Attraverso i secoli fiorirono molteplici interpretazioni teoriche: significativo il tentativo operato dal mistico Kabir (vissuto nel secolo XV) di superare le pratiche superstiziose indù e musulmane per dar vita ad una comunità di fedeli che si riconoscessero in un unico Dio -Rama- alla conoscenza del quale si può pervenire mediante la compassione verso ogni essere vivente, la moderazione dell’orgoglio e la conoscenza di se stessi.
Al costituirsi dell’Induismo moderno contribuì l’influenza esercitata, dal secolo XVI, dei missionari cristiani: ne derivò una maggiore flessibilità teorica, in particolare il convincimento dell’inutilità di norme troppo rigide, così che per giungere all’Assoluto si ritiene sia possibile percorrere strade diverse. Nel secolo XIX si accentuò nell’Induismo la ricerca di stabilire precise norme di moralità individuale e soprattutto l’impegno nella promozione del riscatto sociale dei più deboli. Esemplare la figura del Mahatma Gandhi (1869-1949), che -come si è detto nelle precedente nota- basò la lotta contro gli occupanti inglesi su metodi non violenti: al centro della sua riflessione il significato dell’amore verso il prossimo, unico mezzo per raggiungere la purificazione. La sua interpretazione dell’Induismo portò ad accentuare i principi della rinuncia ai beni terreni, il valore della non-violenza, la ricerca con diversi mezzi della verità. Bene definisce la sua concezione dell’Induismo questo avvertimento: “Rinuncia al mondo e, avendo rinunciato a esso, godine, ma non provare piacere di tale godimento. Solo così potrai raggiungere quella liberazione da questo mondo… fino a trovare una pace infinita in Brahaman o in Dio;… la ricerca della Verità non ha mai fine”.
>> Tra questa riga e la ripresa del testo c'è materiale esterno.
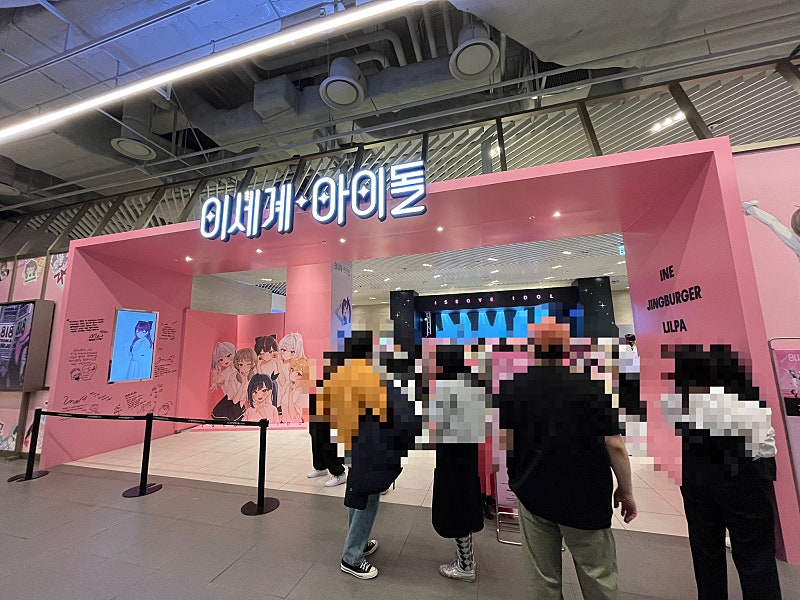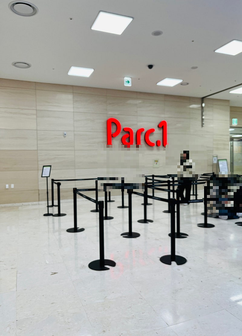 지하에서 대기하다가 열리자마자 스태프분들 안내에 따라 따라가면서 지하 1층 팝업스토어 앞에 도착해서 저기 보이는 줄에서 다시한번 밴드 체크와 네이버 사전예약 체크하고 들어갔어요.

ISLAMISMO (dall’arabo Islam, “abbandono alla volontà divina”). Religione monoteista fondata da Maometto nei primi decenni del secolo VII d.C. Testo sacro dell’Islamismo è il Corano, “recitazione” di quanto è stato rivelato da Dio direttamente a Maometto. Nella dottrina islamica sono accolte e superate tutte le precedenti “rivelazioni” dei profeti biblici e di Gesù, con un diretto collegamento ad Abramo. L’impulso alla diffusione della fede coranica deriva dall’impegno alla “guerra santa” (gihad) contro gli infedeli, nemici di Dio, che rifiutano la conversione; che non è però richiesta ad ebrei, cristiani e zoroastriani.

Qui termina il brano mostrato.